I have read a few discussions about the difference between the Heisenberg model (using quantum spin operators) and Ising model (with spins $\pm 1$), notably this one or this Quora post.
All the responses seem to be of theoretical nature, highlighting, e.g., the difference in symmetry or the Mermin-Wagner theorem stating the Heisenberg model does have a phase transition at $d\leq 2$.
I am interested in practical aspects. Imagine I want to simulate some real material (let us consider a $3d$ lattice only). Even an undergraduate can write and run a Monte Carlo code simulating the Ising model a few hours. On the other hand, the Heisenberg model involves a true effort.

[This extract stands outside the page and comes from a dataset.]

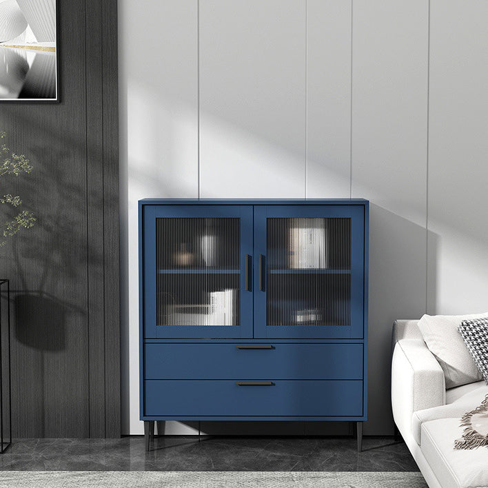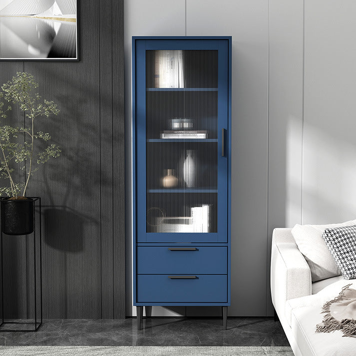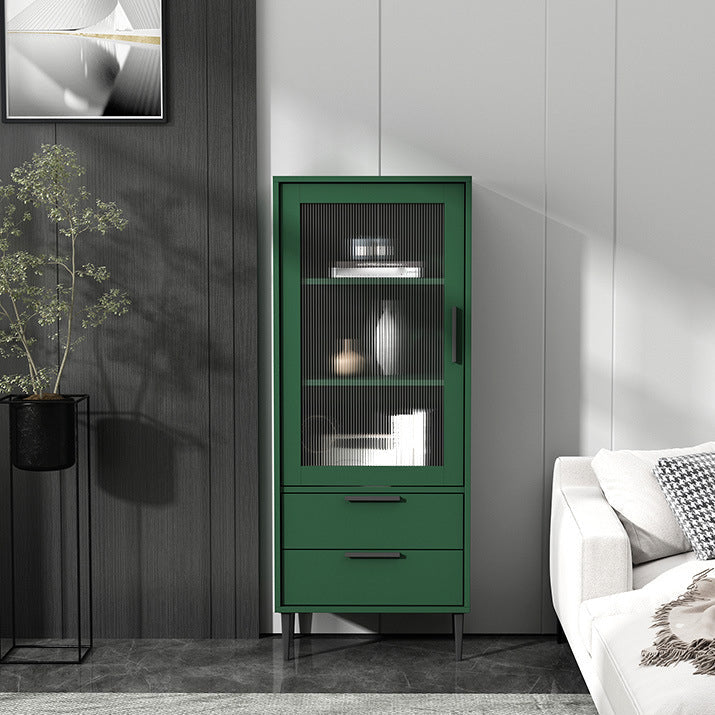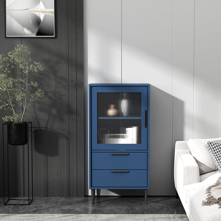 ガラスドアと4本の鋼の黒い脚を備えた木製のアクセントキャビネット

Writing it requires immense knowledge, intuition and skill (constructing the Hamiltonian and total spin operators and computing the expectation values), and running it demands powerful computers even for a fairly low number of atoms and approximation schemes (see this review of methods).
Given the amount of effort, what is the justification for using the quantum Heisenberg model? What new vital features observed in experiment does it provide? If any, can they not be reproduced by the Ising model with vectorised but classical 3D spins, $-J \sum_{\langle ij\rangle} \mathbf S_i \cdot \mathbf S_j$?
Edit: To clarify that what I am trying to figure out is different from this question, I am not interested in theoretical features, but in practical/experimental results in three dimensions. That is, to what extent do Heisenberg/Ising models correctly predict:
- critical exponents of magnetisation, heat capacity and susceptibility,
- collective excitations (can these be captured by 3d Ising model?),
for a range of ferromagnetic materials, and where do they fail?